Exercise details: Each time a line of the listing holds "with", copy that line.

Records provided:
========
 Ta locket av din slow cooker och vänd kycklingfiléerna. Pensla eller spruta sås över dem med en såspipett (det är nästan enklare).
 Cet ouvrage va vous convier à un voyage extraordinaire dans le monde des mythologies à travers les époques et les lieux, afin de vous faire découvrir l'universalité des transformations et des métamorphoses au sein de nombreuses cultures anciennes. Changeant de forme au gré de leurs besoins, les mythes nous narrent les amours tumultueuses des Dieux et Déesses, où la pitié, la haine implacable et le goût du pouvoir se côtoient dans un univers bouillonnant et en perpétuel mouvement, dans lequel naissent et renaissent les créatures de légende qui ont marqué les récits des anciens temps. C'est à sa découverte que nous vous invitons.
========
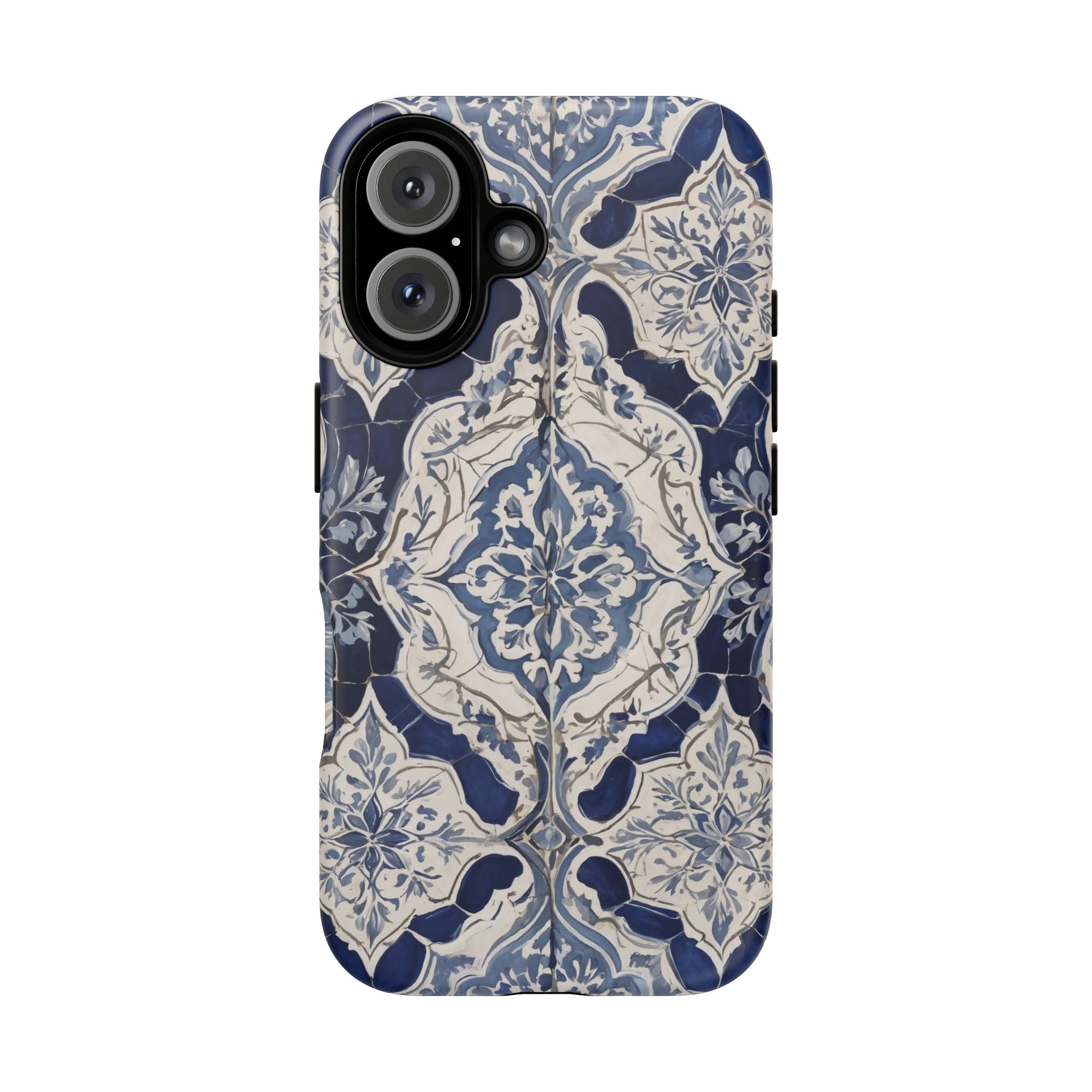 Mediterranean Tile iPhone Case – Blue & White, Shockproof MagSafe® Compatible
========
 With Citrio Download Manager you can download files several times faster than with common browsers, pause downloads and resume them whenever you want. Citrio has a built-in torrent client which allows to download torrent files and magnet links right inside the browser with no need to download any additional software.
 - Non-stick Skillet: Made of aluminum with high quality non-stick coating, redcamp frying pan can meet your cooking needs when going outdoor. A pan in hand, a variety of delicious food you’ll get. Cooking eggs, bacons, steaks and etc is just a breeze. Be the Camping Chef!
========
Task output:
 With Citrio Download Manager you can download files several times faster than with common browsers, pause downloads and resume them whenever you want. Citrio has a built-in torrent client which allows to download torrent files and magnet links right inside the browser with no need to download any additional software.
 - Non-stick Skillet: Made of aluminum with high quality non-stick coating, redcamp frying pan can meet your cooking needs when going outdoor. A pan in hand, a variety of delicious food you’ll get. Cooking eggs, bacons, steaks and etc is just a breeze. Be the Camping Chef!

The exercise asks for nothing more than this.